I hadn’t planned on being on stage that evening. Like everyone else attending the young adult conference that weekend, I’d grabbed a ticket online and made travel plans to attend, hoping to be inspired by the leaders the conference was bringing in. I was humbled when I got the call to appear as a guest on a live podcast recording they were producing Sabbath evening. See, I’ve developed a reputation now. When I attend events like this, I never walk into a room where I don’t know anyone. The series of handshakes and hugs as I greeted several of my friends--some I was meeting face-to-face for the first time--earned me a reasonable amount of teasing. But it hasn’t always been this way. On paper, I should be the person who doesn't know anyone. I live in a country town in South Carolina, far from the vast majority of my Adventist peers. I didn’t join my friends at Andrews, Southern, or any of the big SDA college areas, but moved away with my wife shortly after high school. Yet, if there’s one thing that I am increasingly known for these days, it’s for my love of building community.
I started Humans of Adventism from a cell phone in a work truck. Though my physical community was small at the time, I began to grow more and more relationships through what I had: my cell phone. It turned out that I was able to do quite a lot with that, and what was then a page with less than 100 readers developed over the next year and a half into one with over 5,000. No corporate sponsorship, no office, no additional equipment.
We underestimate the power we hold in our online content. Used correctly, social media can be used to connect and mobilize an unbelievable amount of people, and the community created there drives real-world changes.
Take, for instance, the shirts we designed from the website Teespring. The design was simple: two words, “Adventist. Human.” People read our content, bought the shirts, and wore the message in their own contexts. In Orlando one friend of ours was wearing his in the mall. A woman and her son stopped him and asked if he was familiar with any Adventist churches in the area. The man was able to guide them. Here in Orangeburg my grandparents wear theirs around town. Recently they spoke with someone working at a local fast food place about Adventism, they had questions about some of the content they had seen online. I’ve been stopped numerous times by both Adventists and others to talk about my shirt.

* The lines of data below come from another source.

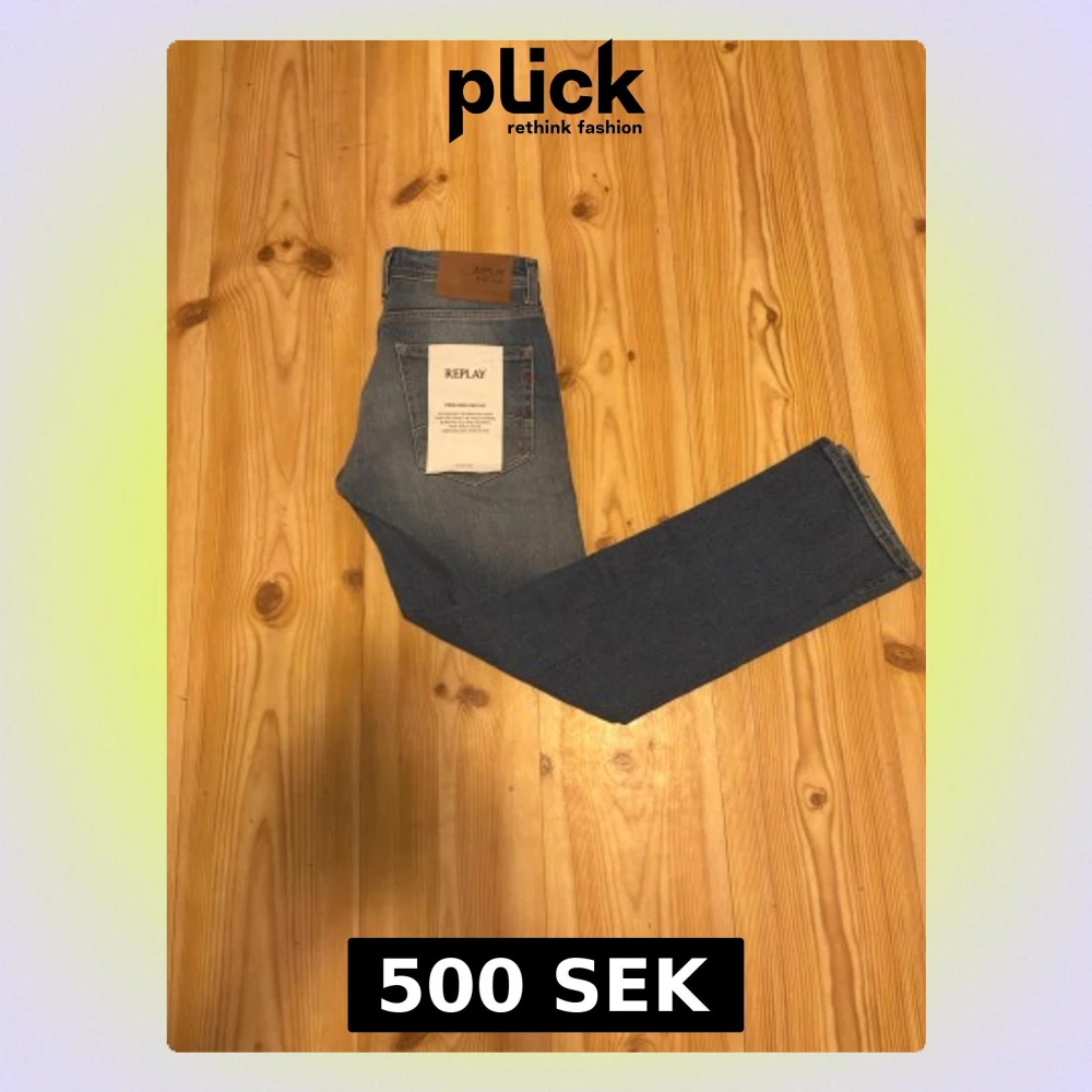Säljer ett par klassiska nya blå jeans från Replay med raka ben och snygg tvätt. Jeansen har fem fickor, normal midja och subtila slitningar framtill för en cool look. Perfekta för dig som gillar en tidlös stil med lite edge.
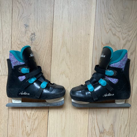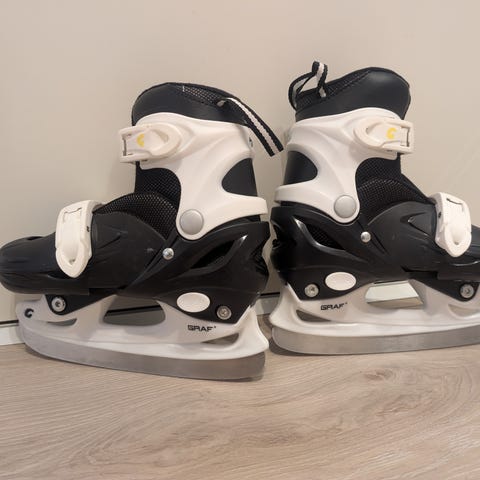 Skaterix justerbare ishockeyskøyter 33-36 for barn i svart, rød og grå farge. Skøytene har hard ytterskall med justerbar størrelse og innvendig polstring for støtte rundt ankel. Lukkes med kombinasjon av snøring og justerbar spenne/rem over vristen for å holde foten på plass. Stålskinne egnet for ishockey og generell skøytebruk på is. Passer til barn som trenger stabile og justerbare skøyter til lek og trening på is.
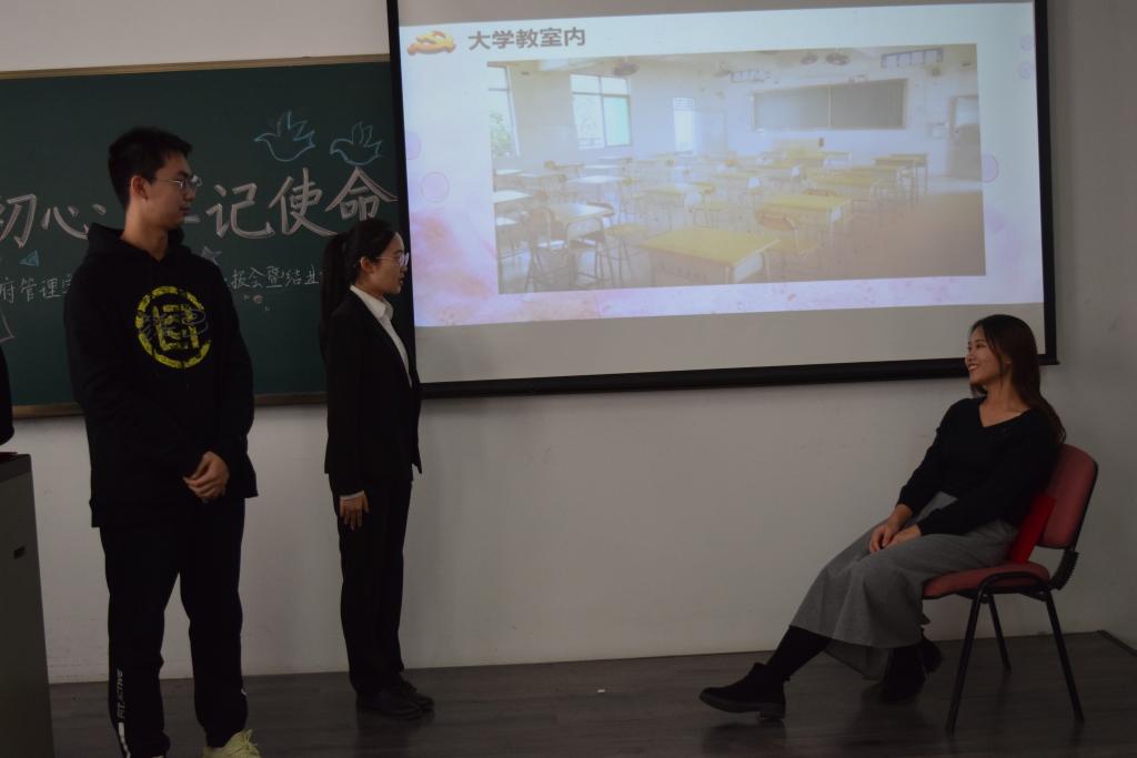 第二小组成员从青年学子的治学初心切入,展开微型辩论、案例分析、志愿服务等活动,在实践中探索学习主题,从历史使命支援及现实坚实力量两个角度挖掘青年的治学初心。通过学习,第二小组指出,青年人应“推开自身的那扇门,走上社会,心怀国家”,加强理论学习与专业知识学习,锻炼创新思维,达到学有所用、建设国家的目的。现场展示环节,小组成员表演了心系村中百姓,实地走访村民的焦裕禄书记,以及大学时便立志回乡支教的黄文秀同志,他们一心为民的奉献精神使在场的同学们备受鼓舞。充实的展示内容,精彩的人物展现给老师和同学们留下了深刻印象。
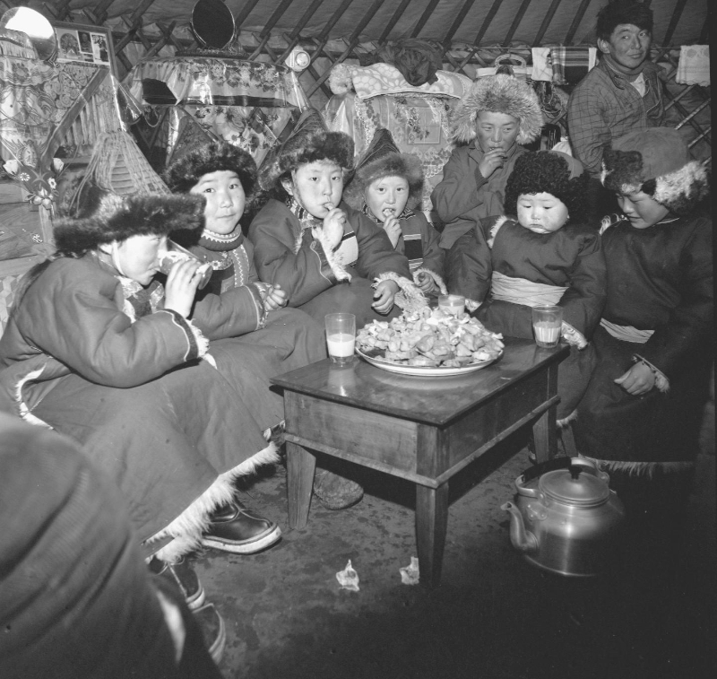 按照蒙古族习俗,年初一儿童间互相拜年,家长们都以丰盛的食品热情款待他们。这是1982年春节期间,蒙古族牧民拜年场景。
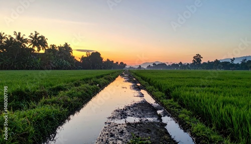 © Kitta Studio, Fototapeta premium Serene Sunrise Over Rice Field with Reflections and Vibrant Colors
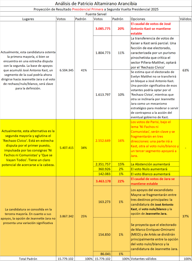 Este análisis mecánico proyecta el traspaso de votos desde la Primera a la Segunda Vuelta Presidencial de 2025. El panorama electoral chileno se mantiene estructuralmente estable, con cambios sociales mínimos entre noviembre y diciembre. Los ajustes estratégicos de las campañas de Jara y Kast se basan en el resultado inicial, y el modelo proyecta que la votación del excandidato Parisi se inclina principalmente hacia el «Rechazo Cívico» . Bajo este escenario, José Antonio Kast mantendría la ventaja , sin depender decisivamente de la división de votos.
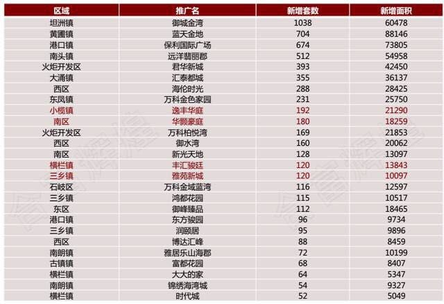 10月份共有26個(gè)項(xiàng)目新增,其中新增最多的是坦洲御城金灣1038套,黃圃鎮(zhèn)藍(lán)天金地花園和港口鎮(zhèn)保利國(guó)際廣場(chǎng)分別以704套和674套位列新增的第二和第三位。
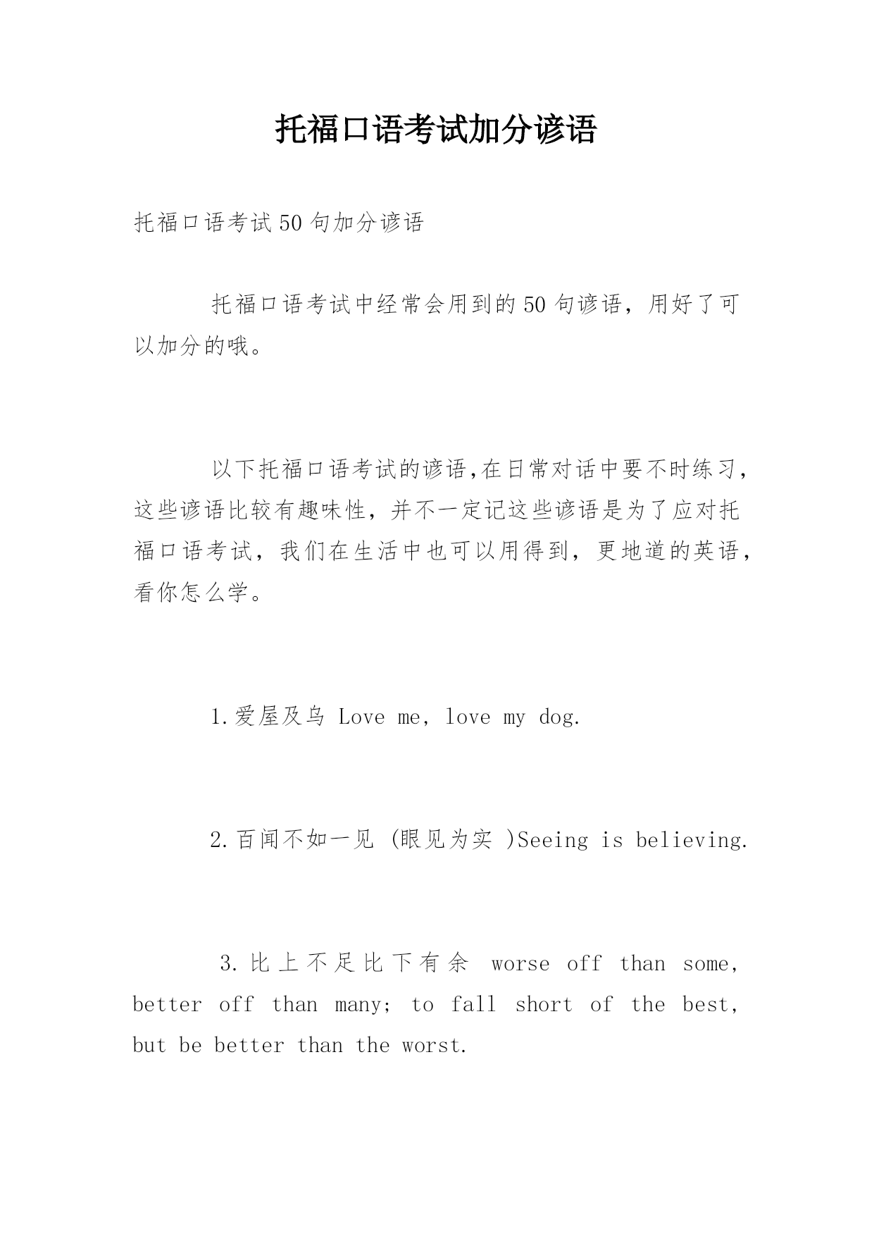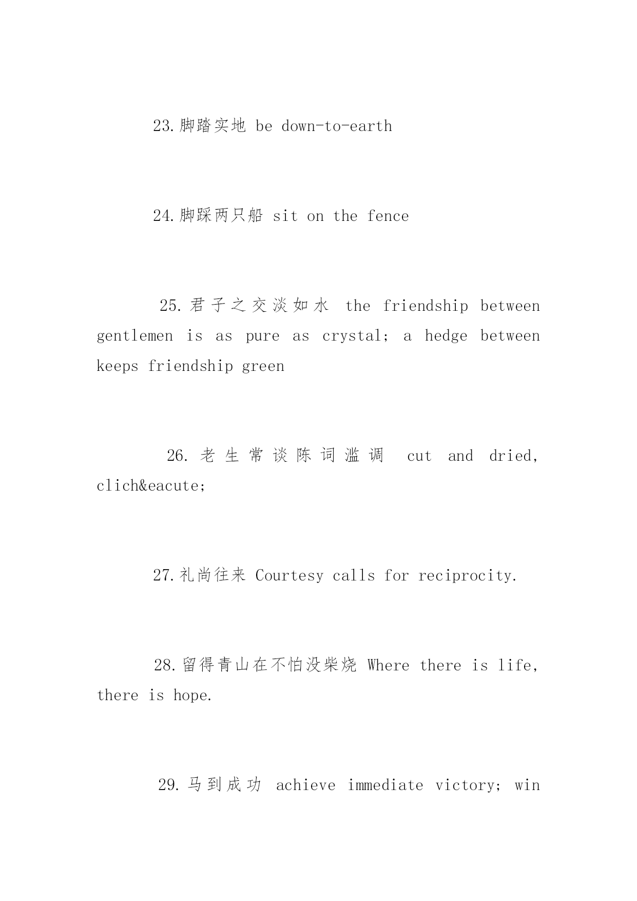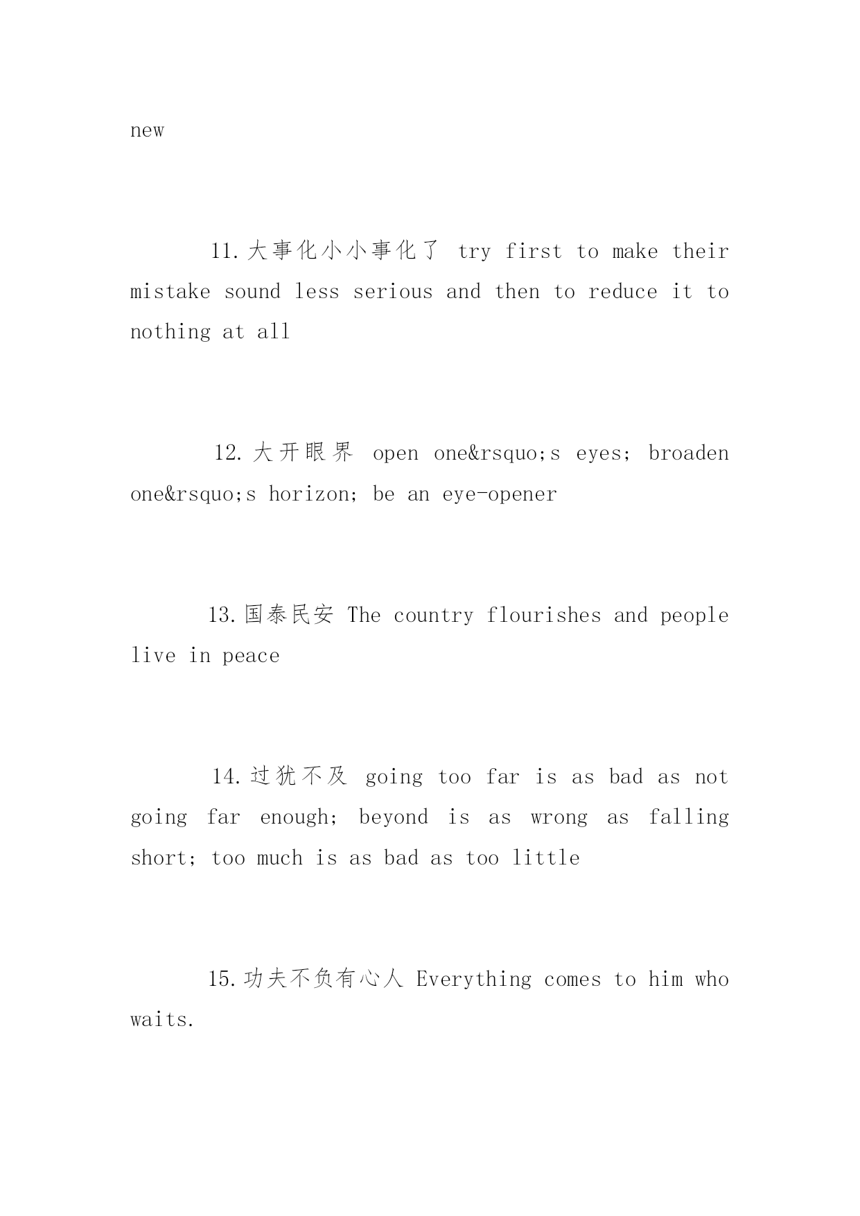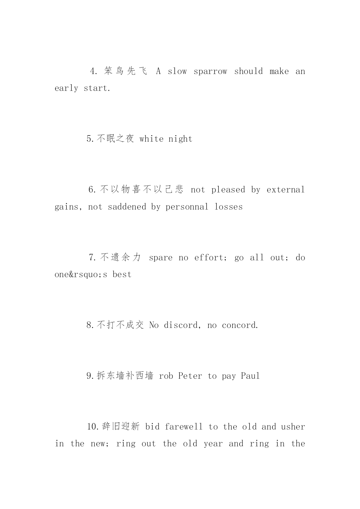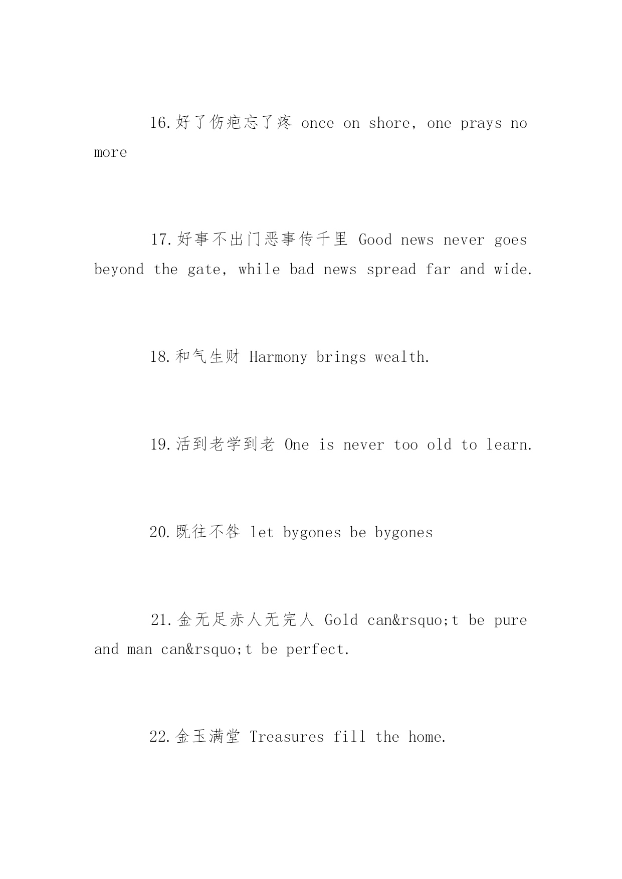 托福口语考试加分谚语 托福口语考试50句加分谚语 托福口语考试中经常会用到的50句谚语,用好了可以加分的哦。 以下托福口语考试的谚语,在日常对话中要不时练习,这些谚语比较有趣味性,并不一定记这些谚语是为了应对托福口语考试,我们在生活中也可以用得到,更地道的英语,看你怎么学。 1.爱屋及乌Loveme,lovemydog. 2.百闻不如一见(眼见为实)Seeingisbelieving. 3.比上不足比下有余worseoffthansome,betteroffthanmany;tofallshortofthebest,butbebetterthantheworst. 4.笨鸟先飞Aslowsparrowshouldmakeanearlystart. 5.不眠之夜whitenight 6.不以物喜不以己悲notpleasedbyexternalgains,notsaddenedbypersonnallosses 7.不遗余力sparenoeffort;goallout;doone’sbest 8.不打不成交Nodiscord,noconcord. 9.拆东墙补西墙robPetertopayPaul 10.辞旧迎新bidfarewelltotheoldandusherinthenew;ringouttheoldyearandringinthenew 11.大事化小小事化了tryfirsttomaketheirmistakesoundlessseriousandthentoreduceittonothingatall 12.大开眼界openone’seyes;broadenone’shorizon;beaneye-opener 13.国泰民安Thecountryflourishesandpeopleliveinpeace 14.过犹不及goingtoofarisasbadasnotgoingfarenough;beyondisaswrongasfallingshort;toomuchisasbadastoolittle 15.功夫不负有心人Everythingcomestohimwhowaits. 16.好了伤疤忘了疼onceonshore,onepraysnomore 17.好事不出门恶事传千里Goodnewsnevergoesbeyondthegate,whilebadnewsspreadfarandwide. 18.和气生财Harmonybringswealth. 19.活到老学到老Oneisnevertoooldtolearn. 20.既往不咎letbygonesbebygones 21.金无足赤人无完人Goldcan’tbepureandmancan’tbeperfect. 22.金玉满堂Treasuresfillthehome. 23.脚踏实地bedown-to-earth 24.脚踩两只船sitonthefence 25.君子之交淡如水thefriendshipbetweengentlemenisaspureascrystal;ahedgebetweenkeepsfriendshipgreen 26.老生常谈陈词滥调cutanddried,cliché 27.礼尚往来Courtesycallsforreciprocity. 28.留得青山在不怕没柴烧Wherethereislife,thereishope. 29.马到成功achieveimmediatevictory;wininstantsuccess 30.名利双收gaininbothfameandwealth 31.茅塞顿开besuddenlyenlightened 32.没有规矩不成方圆Nothingcanbeaccomplishedwithoutnormsorstandards. 33.每逢佳节倍思亲Onfestiveoccasionsmorethaneveronethinksofone’sdearonesfaraway.Itisonthefestivaloccasionswhenonemisseshisdearmost. 34.谋事在人成事在天Theplanninglieswithman,theoutcomewithHeaven.Manproposes,Goddisposes. 35.弄巧成拙betoosmartbyhalf;Cunningoutwitsitself 36.拿手好戏masterpiece 37.赔了夫人又折兵throwgoodmoneyafterbad 38.抛砖引玉amodestspurtoinduceotherstocomeforwardwithvalu

Several months ago I met a young man who had taken a new job at our conference. Though he didn’t know anyone there, he recognized one of his coworkers from her story on Humans of Adventism. It gave them common ground to begin a friendship. Non-Adventist friends point to the HoA community as a positive example of Christianity, share our posts, and offer meaningful insight into their own thoughts on religion and God.
This, in my opinion, is church. The relationships we are building and things we are doing to spread the gospel together online are a digital manifestation of many of the qualities the early church had.
Humans of Adventism is one of numerous emerging ministries that are both sharing the information about God and building relationships with His people. We’re one of many reaching back to and supporting others who are just now starting ministries of their own. Personally, my online church community is what drives me to be involved in my local church.
Because I am not dependent on my local church to provide my sense of community, I can reframe how I go about being involved.
My local church has become my mission field--a cause I care deeply about, because the pressure for it to fill my spiritual and personal needs is largely alleviated by being involved online.
Because of the power social media can have, it’s crucial that we consider the effects our content will have on our audience. Both our negativity and our positivity grow exponentially as they are spread by our audience and friends online. When it comes to church, we can create a community of people that attack or a community of people that heal. I know which one I’d like to be part of.